All I could think of was that while this is a nice lesson in history, it's almost irrelevant to finance. Oh man, I didn't expect what came next.

As soon as this Talmund rule comes up on blogs about finance and investing, the author starts pointing out that the rule is already a bit older, since a few hundred years after Christ a rabbi once stood up and recorded an idea of how one could preserve one's wealth. Since a direct transfer into the today's time that does not go naturally, because he would have to recommend the reader, depending upon translation, to bury a third of its fortune in the soil. They came to the conclusion to transfer the rule from the old investments into modern products.

And this is where the problems really begin. Since the innumerable authors do not agree anyway on which products one should take at which places for it, there is any playful combination.
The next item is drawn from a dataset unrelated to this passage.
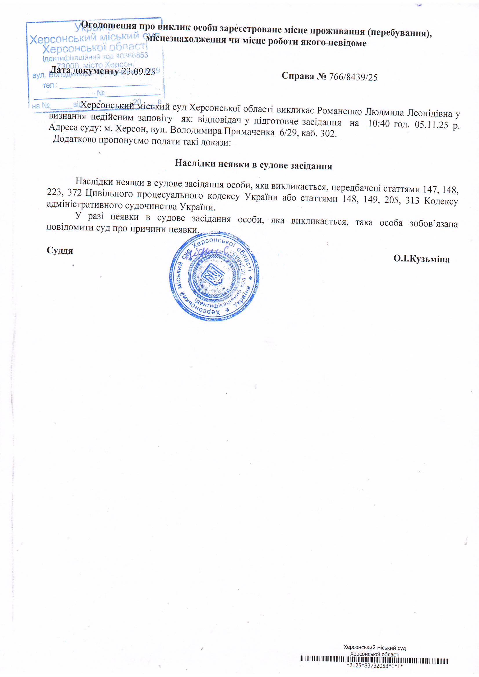 Оголошення для Романенко Людмили Леонідівни
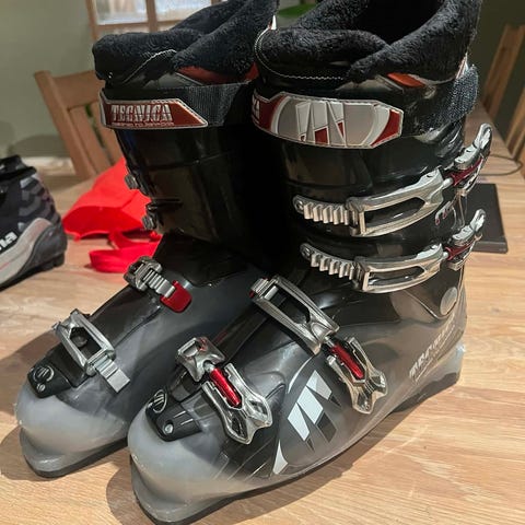 Atomic alpinstøvler i svart/grå farge. Sålelengde er merket 315 mm, og skostørrelse er angitt til 270–275 mm (mondopoint). Støvlene har fire spenner og powerstrap øverst for justering og tilpasning rundt leggen. Passer til bruk i alpinanlegg med standard alpinski-bindinger.

One third in trade goods is then seen gladly as shares, the other third with a direct investment in real estates or REITs, a part in gold, which was with all probability at that time the appropriate currency.
As it is with such old rules, sayings, idioms or other things: Some make sense, others you can basically leave out altogether.

Dividing the portfolio into different parts shifts the risk profile from a standard world market portfolio (a simple FTSE All-World ETF is already sufficient here) to less volatile assets with less return. On the one hand, this reduces volatility of the portfolio because you are no longer fully exposed to the stock market, but on the other hand, the average return also suffers from such a split. If you then also invest part of the assets in gold, you expose the portfolio to the fluctuations of a resource with a significant risk, which is tied to how expensive mining projects are at the moment. Even if this part is replaced by bonds, the return increases only marginally. Real estate is also a business in itself with a variety of different risks, which might reduce some kind of volatility, but still dampers the possible return.
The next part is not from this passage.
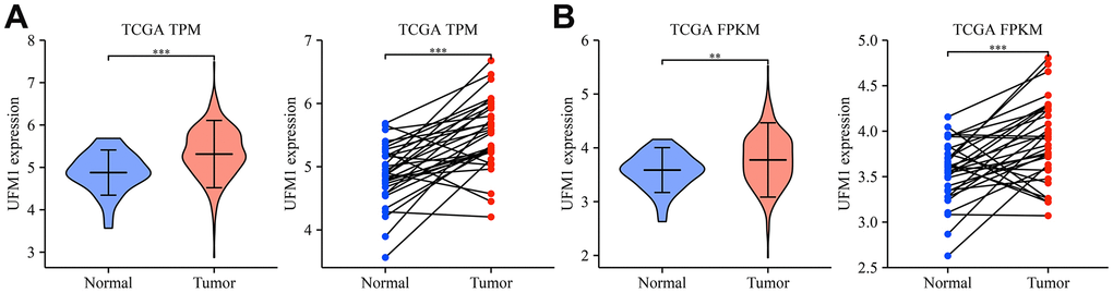 In August 2022, the UFM1 gene expression data of 32 normal tissues and 329 primary OSCC tissues were downloaded from the Cancer Genome Atlas (TCGA (https://www.cancer.gov/TCGA)) database, covering both data types: the reads per kilobase of transcript per million reads mapped (FPKM) and transcripts per million (TPM). The UFM1 gene expression data in normal and OSCC tissues were extracted using Perl language. Subsequently, the expression levels of UFM1 in normal and OSCC tissues were identified. In addition, the data from normal tissues and cancer tissues were matched and sorted. It was found that 32 patients had the normal tissues and matched cancer tissues. The expression levels of UFM1 in normal and cancer tissues from 32 paired cancer patients were identified.

In addition, with the Talmund Rule there is also no reference to cryptocurrencies, that simply did not exist at the time and there is also no comparable reference possibility to it.
Anyway, investing a third of your capital in crypto may not be a good idea for the average investor either, unless you're a degen.
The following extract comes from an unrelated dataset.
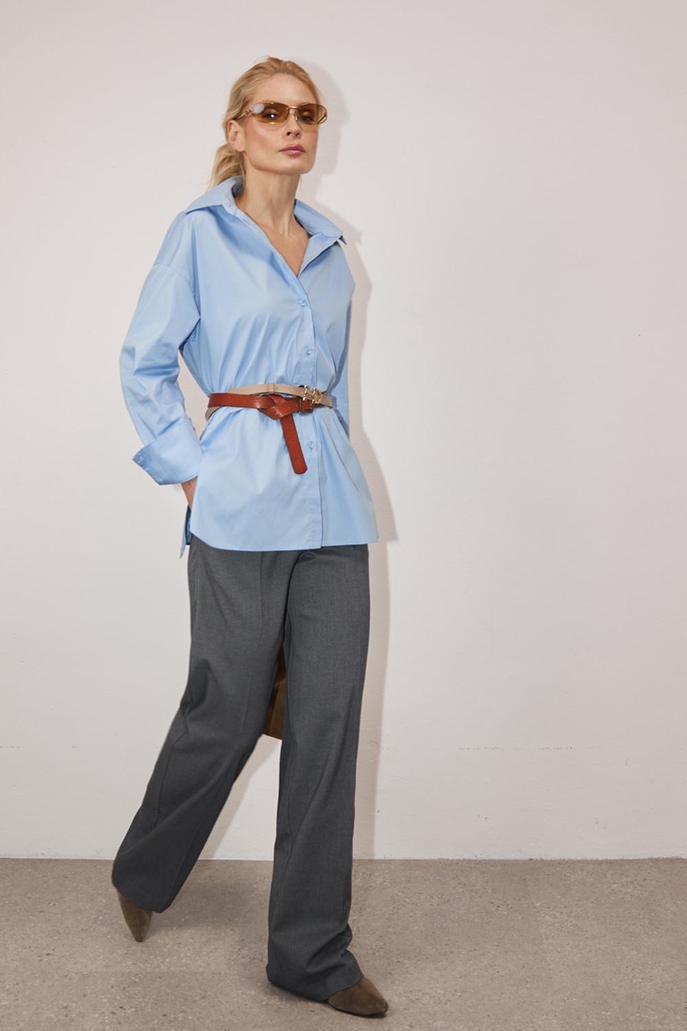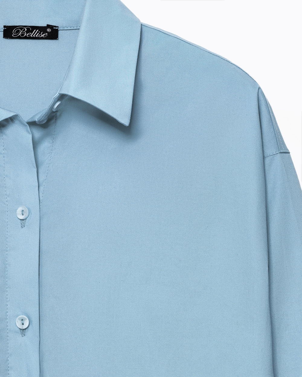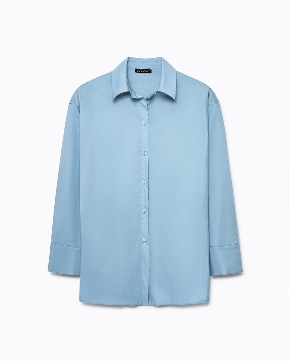 Базова бавовняна сорочка вільного крою зі спущеною лінією плеча та розрізами в бокових швах.

In my opinion, you just have to look at the advantages and disadvantages of all asset classes, from commodity investments to bonds and stocks to cryptocurrencies, compare them and determine for yourself what volatility you can tolerate in your portfolio. Those who already sell in panic at a price drop of 10% should be satisfied with government bonds. If you can bear a 50 % loss, you can also aim for a pure stock portfolio, especially if the time horizon for investing is long enough.

And for all the swashbucklers who can sleep through even 100% crashes like Luna, 100% crypto can go as well.

The biggest loss is the loss where one would sell the whole portfolio because the market crashed stronger than the estimated expectation of the investor. That’s the main reason I’m seeing to split the portfolio in different portions. A way to earn money with higher risk assets, like stocks, while keeping some part of the capital out of the fight, like bonds.

It's like everything, instead of blindly applying old rules without sense and reason in modern times, you should directly follow the classic rule: Do your own research!